Record set >>
++++

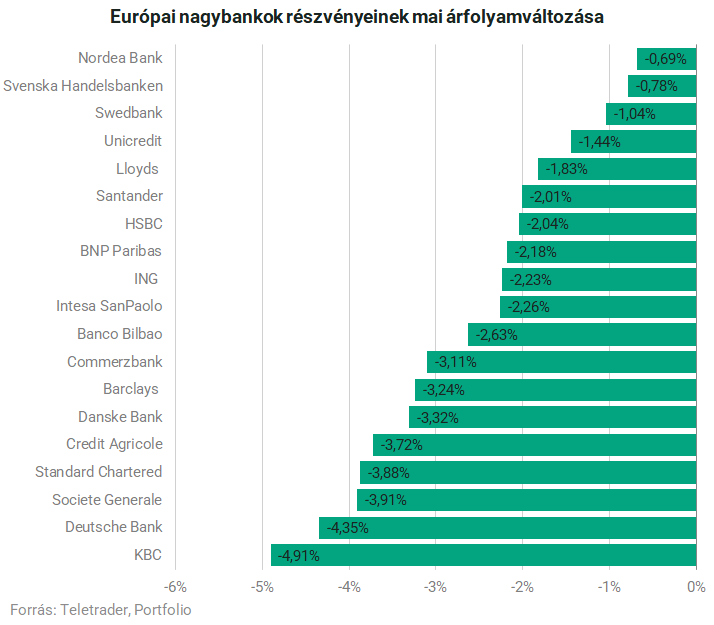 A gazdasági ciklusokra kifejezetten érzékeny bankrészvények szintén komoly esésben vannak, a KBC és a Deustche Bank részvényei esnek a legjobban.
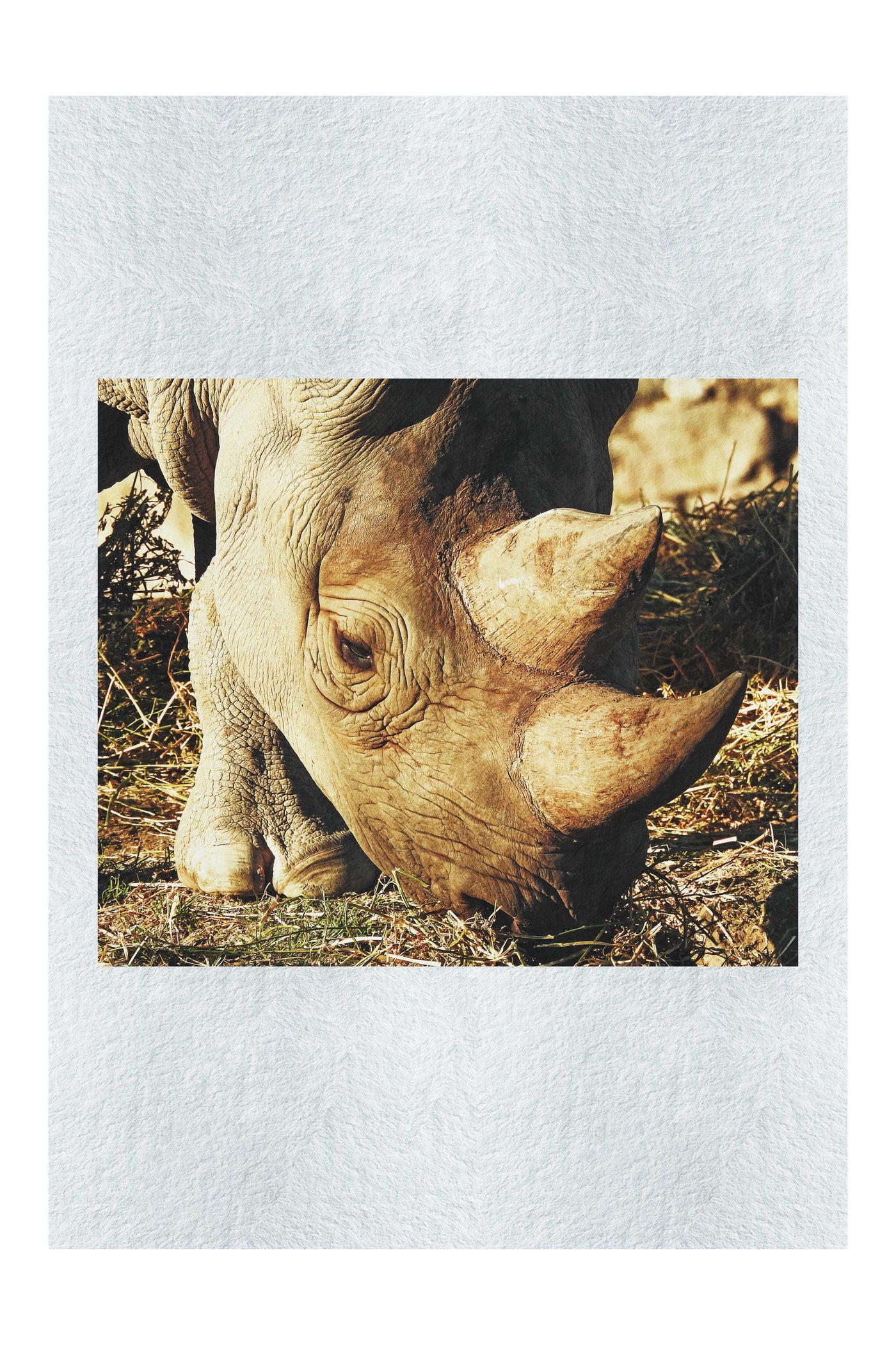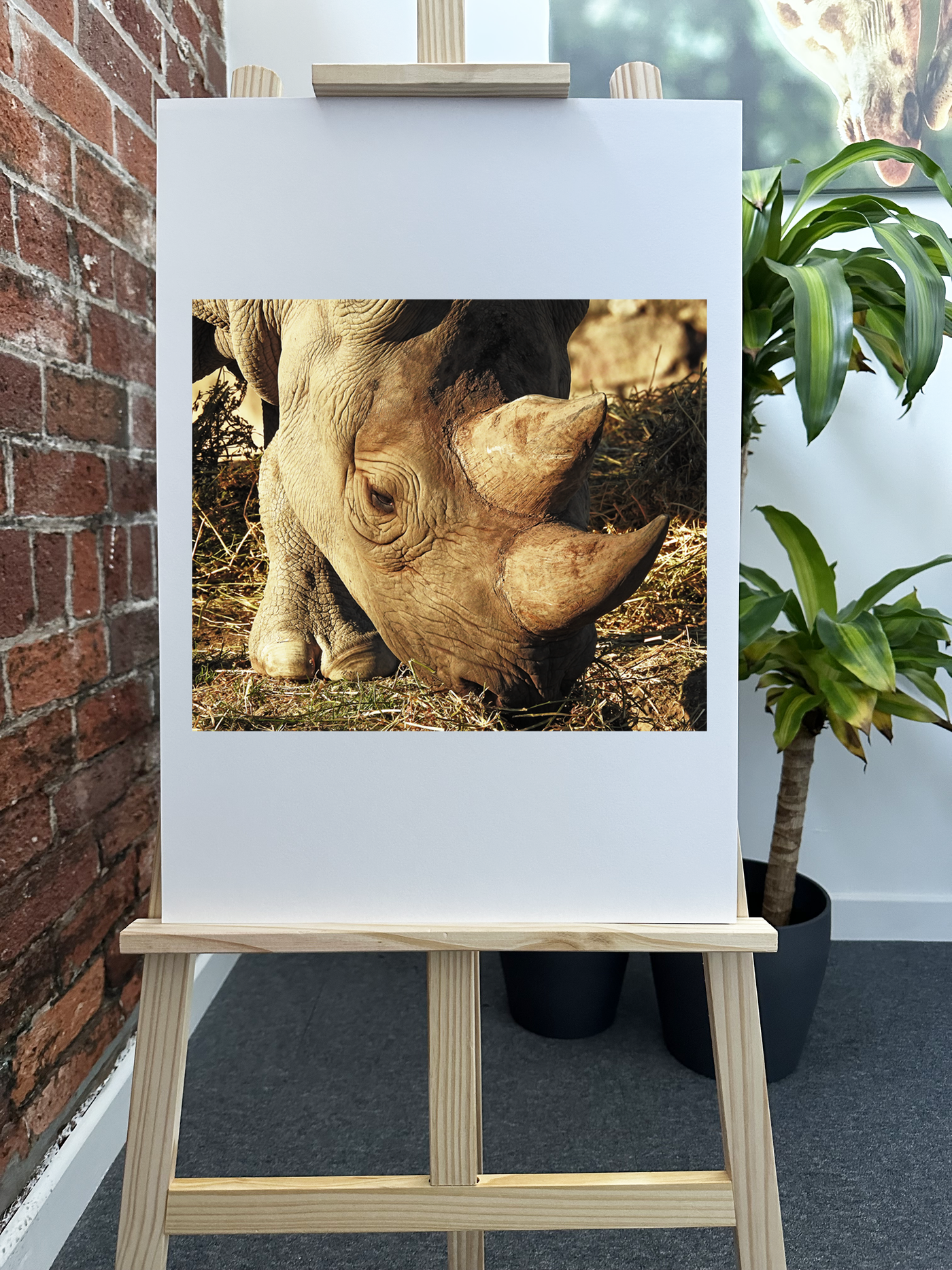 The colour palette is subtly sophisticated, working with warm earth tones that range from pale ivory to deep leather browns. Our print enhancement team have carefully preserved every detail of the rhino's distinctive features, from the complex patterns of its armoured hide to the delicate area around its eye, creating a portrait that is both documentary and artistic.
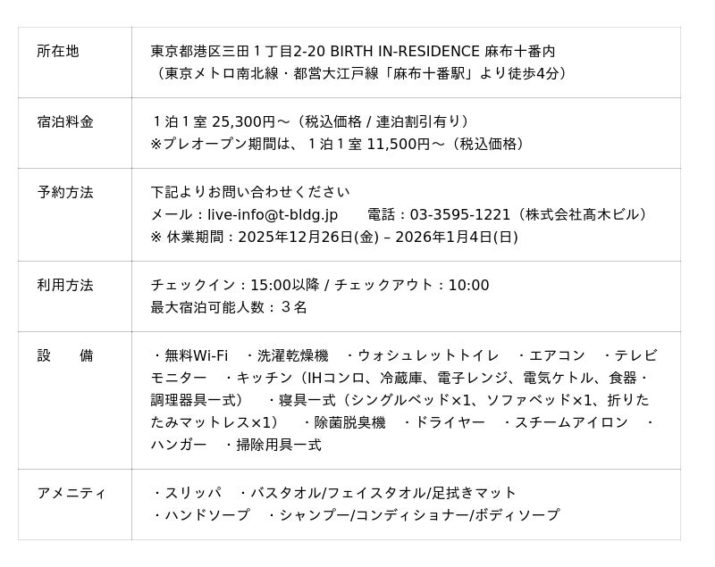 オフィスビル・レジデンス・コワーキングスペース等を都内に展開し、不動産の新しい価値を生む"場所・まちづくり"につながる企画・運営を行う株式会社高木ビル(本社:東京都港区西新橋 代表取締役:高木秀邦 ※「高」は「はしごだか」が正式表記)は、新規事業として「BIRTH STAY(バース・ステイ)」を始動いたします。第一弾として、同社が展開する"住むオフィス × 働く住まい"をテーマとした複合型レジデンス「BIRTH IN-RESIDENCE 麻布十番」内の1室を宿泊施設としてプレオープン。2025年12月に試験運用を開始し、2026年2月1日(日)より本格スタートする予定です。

++++

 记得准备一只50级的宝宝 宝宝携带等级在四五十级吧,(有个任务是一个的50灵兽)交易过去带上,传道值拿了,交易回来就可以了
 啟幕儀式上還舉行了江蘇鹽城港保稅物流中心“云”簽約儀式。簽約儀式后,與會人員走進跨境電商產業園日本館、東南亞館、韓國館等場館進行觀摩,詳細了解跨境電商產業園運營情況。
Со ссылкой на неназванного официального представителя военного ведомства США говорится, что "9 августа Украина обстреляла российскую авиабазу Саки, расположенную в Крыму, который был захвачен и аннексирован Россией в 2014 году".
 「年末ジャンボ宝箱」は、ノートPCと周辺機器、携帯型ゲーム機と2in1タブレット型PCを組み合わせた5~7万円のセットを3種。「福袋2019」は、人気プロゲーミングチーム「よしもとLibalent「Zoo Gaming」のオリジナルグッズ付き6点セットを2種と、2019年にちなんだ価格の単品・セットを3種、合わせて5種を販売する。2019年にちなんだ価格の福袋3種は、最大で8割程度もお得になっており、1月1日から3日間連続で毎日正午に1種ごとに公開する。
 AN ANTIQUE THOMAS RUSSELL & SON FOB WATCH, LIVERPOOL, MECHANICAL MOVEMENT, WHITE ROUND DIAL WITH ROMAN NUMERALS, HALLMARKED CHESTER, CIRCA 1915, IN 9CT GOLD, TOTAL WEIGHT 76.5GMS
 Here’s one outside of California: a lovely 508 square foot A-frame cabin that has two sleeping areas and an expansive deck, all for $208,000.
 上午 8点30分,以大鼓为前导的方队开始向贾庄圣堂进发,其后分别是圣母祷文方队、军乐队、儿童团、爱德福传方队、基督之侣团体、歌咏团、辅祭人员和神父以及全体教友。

++++

What is required >>
Which lines above run from the one containing "记得准备一只50级的宝宝 宝" to the one containing "Со ссылкой на"? Give them again exactly, both ends included.

Solution for this exercise >>
 记得准备一只50级的宝宝 宝宝携带等级在四五十级吧,(有个任务是一个的50灵兽)交易过去带上,传道值拿了,交易回来就可以了
 啟幕儀式上還舉行了江蘇鹽城港保稅物流中心“云”簽約儀式。簽約儀式后,與會人員走進跨境電商產業園日本館、東南亞館、韓國館等場館進行觀摩,詳細了解跨境電商產業園運營情況。
Со ссылкой на неназванного официального представителя военного ведомства США говорится, что "9 августа Украина обстреляла российскую авиабазу Саки, расположенную в Крыму, который был захвачен и аннексирован Россией в 2014 году".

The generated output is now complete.